Serial strata are not evidence of evolution but merely transformation—one gave way to the next.The historical consolidation of a prestigious discourse whose statements pass for true arises through the enforced regularity of discursive economy, where affiliated objects are referred to and perceptions confirmed. It does not feel like that to consciousness, which is the illusion of experience, or one of them—an illusion of spontaneity and independence from unconscious conditioning. Hence Foucault's studied indifference (in this work) to subjectivity. We don't play the game, it plays us. Our subjectivity is pre-structured by unconscious historical syntax.
By design, this archaeological approach to knowledge precludes Kant's idea of the understanding, whose a priori forms “anticipate all content insofar as they have already rendered them possible.” After Kant the best days of concept invention are over: there will be no innovation at the level of categories. Foucault wants to plunge understanding back into history; the history of knowledge is a ceaseless invention of fundamental concepts and categorical change.
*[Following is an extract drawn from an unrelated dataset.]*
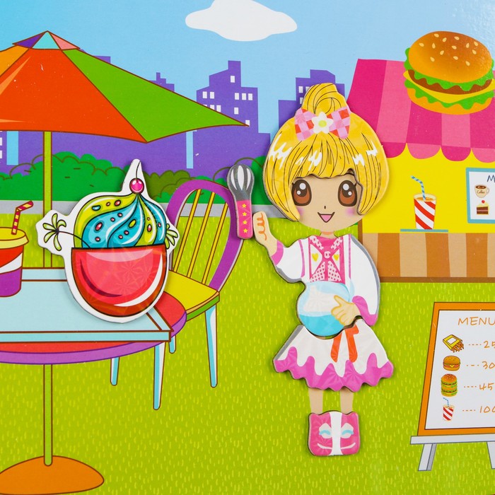 Помогите девочке отправиться на незабываемый пикник! Подберите красивый наряд, создайте причёску, дополните образ аксессуарами. Карточки с подсказками помогут сориентироваться в разнообразии предметов одежды. Обсудите с ребёнком элементы костюма, их предназначение и уместность в определённых ситуациях. Не забудьте придумать для девочки меню и выбрать необходимые блюда.

There is more to a concept than an abstraction; it is an instrument, a virtual act. “Forming concepts is a way of living and not a way of killing life; it is a way to live in a relative mobility and not a way to immobilize life.”94
For all his fascination with discourse and contempt for originary subjectivity, Foucault is not a merely negative critic of experience, which he depicts as a historically conditioned effect of fields of knowledge, types of normativity, and forms of subjectivity. Experience arises when discourse and its rules entwine with subjectivity. He describes a human being as “an animal of experience, he is involved ad infinitum within a process that, by defining a field of objects, at the same time changes him, deforms him, transforms him, and transfigures him as a subject.” That, he says, is “experience in the full and strong sense of the term, that is to say, experience as that which qualifies the subject, enlightens it about itself and about the world and, at the same time, transforms it.”95
He gives the instance of his own experience as an author.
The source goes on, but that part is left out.